Steenhuisen told Business Report yesterday that the Dairy Protocol would allow access to the Chinese market for South African dairy products, while the Greasy Wool Protocol would keep the trade in greasy wool open after an agreed treatment method.

“The foot-and-mouth MoU will mean that, for the first time, the Chinese will accept a compartmentalisation of the import of South African beef products. In the past, an outbreak of foot-and-mouth anywhere in the country would have led to a shutdown of the entire beef export market,” Steenhuisen said.

“Under the new MoU, it will only be restricted from the affected province. This is just the beginning of opening up the Chinese market for South African products, with more exciting announcements to be made later in the year.”

As part of the state visit, the two presidents, Cyril Ramaphosa and President Xi Jinping of China, jointly witnessed the signing of several bilateral co-operation instruments.

On Sunday, the Agricultural Business Chamber of SA (Agbiz) said China trade was under the spotlight again in the wake of the Forum on China–Africa Cooperation (FOCAC).

Agbiz’s chief economist, Wandile Sihlobo, said some African countries would likely use this opportunity to advocate for deeper trade, especially in agriculture.

“This is understandable in view of China’s dominant role in global agriculture. According to Trade Map data, China spends just over $200 billion a year on the imports of agricultural products,” Sihlobo said.

“Few African countries benefit from these imports due to low productivity. The leading suppliers are Brazil, the US, Thailand, Australia, New Zealand, Indonesia, Canada, Vietnam, France, Russia, Argentina, Chile, Ukraine, the Netherlands, and Malaysia.”

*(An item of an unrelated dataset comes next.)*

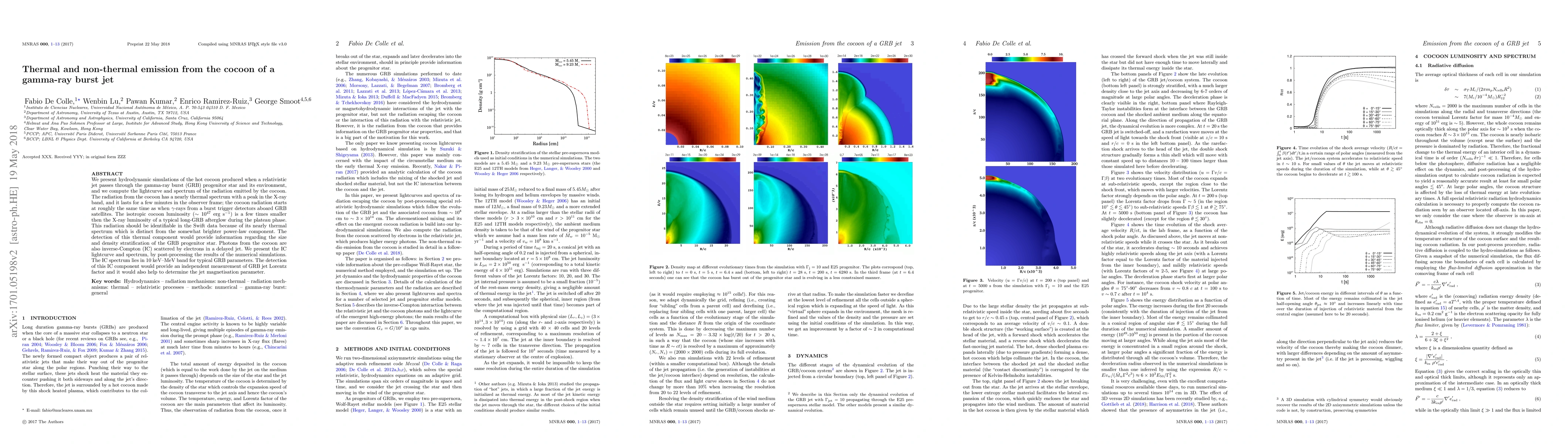 This paper presents hydrodynamic simulations of the hot cocoon formed by a relativistic jet from a gamma-ray burst (GRB), analyzing both thermal and non-thermal emissions. The thermal radiation from the cocoon has a nearly thermal spectrum peaking in the X-ray band, lasting for a few minutes, and is detectable in Swift data.

Sihlobo added that the only African country that featured in China’s Top 30 agricultural suppliers was South Africa, ranked 28th last year, accounting for a mere 0.4% ($979 million) in China's agricultural imports of $218bn last year.

“South Africa remains a negligible player in the Chinese agricultural market. Sudan and Zimbabwe are other African agricultural suppliers to China, and are ranked 33 and 34, respectively,” he said.

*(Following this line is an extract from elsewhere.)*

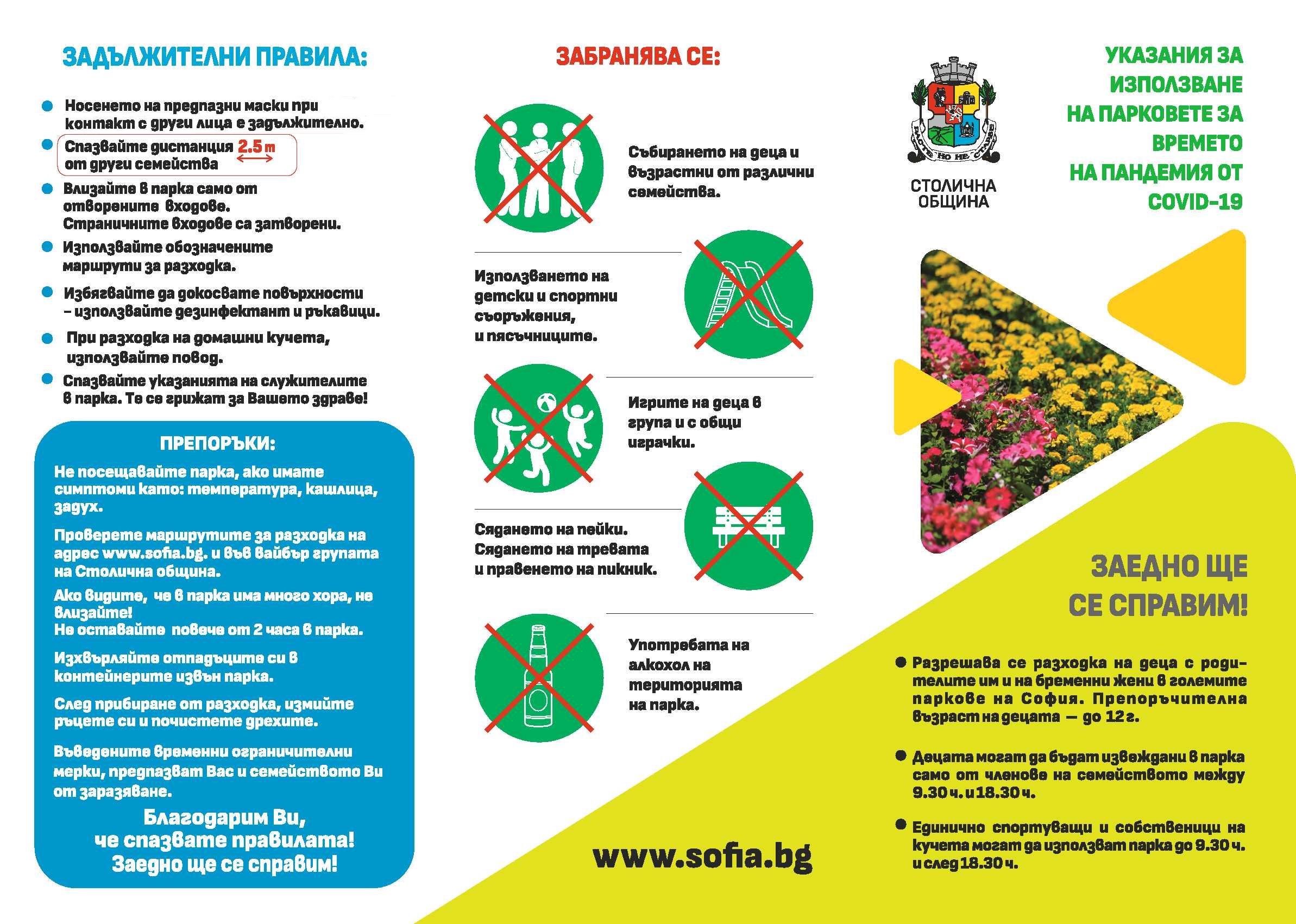 УКАЗАНИЯ ЗА ИЗПОЛЗВАНЕ НА ПАРКОВЕТЕ ЗА ВРЕМЕТО НА ПАНДЕМИЯ ОТ COVID-19

Agbiz said the African continent has weak productivity and low agricultural output, which explained its underperformance in agricultural exports to China.

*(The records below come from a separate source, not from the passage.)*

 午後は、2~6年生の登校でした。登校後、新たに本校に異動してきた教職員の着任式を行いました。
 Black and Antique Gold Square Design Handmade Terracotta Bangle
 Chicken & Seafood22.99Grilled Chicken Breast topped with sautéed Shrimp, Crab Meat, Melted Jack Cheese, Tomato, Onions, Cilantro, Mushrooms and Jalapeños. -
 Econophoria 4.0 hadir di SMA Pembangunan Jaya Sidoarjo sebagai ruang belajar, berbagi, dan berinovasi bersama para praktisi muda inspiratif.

Sihlobo said the South African message must be different from that of many African countries because it had an agricultural surplus each year, exporting about half of the country’s yearly production.

“South Africa’s agricultural exports amounted to a record $13.2bn in 2023. Indeed, this is nowhere close to the amount of money China spends annually importing agricultural products from the world, a staggering $218bn in 2023.”

China was already one of South Africa’s major agricultural markets for a range of fruits, wine, red meat, nuts, maize, soya beans and wool, among other products. But there was room for more ambitious export efforts.

“The South African agricultural sector consistently points out the need for a broader lowering of import tariffs in China and removing phytosanitary constraints in various products,” Sihlobo said.

“Indeed, the FOCAC is a high-level engagement and may not deal with the specifics of each value chain of agriculture or any product. However, a message of support and direction to the relevant departments of Chinese and South African government to work on lowering import tariffs and promoting agricultural trade would go a long way.”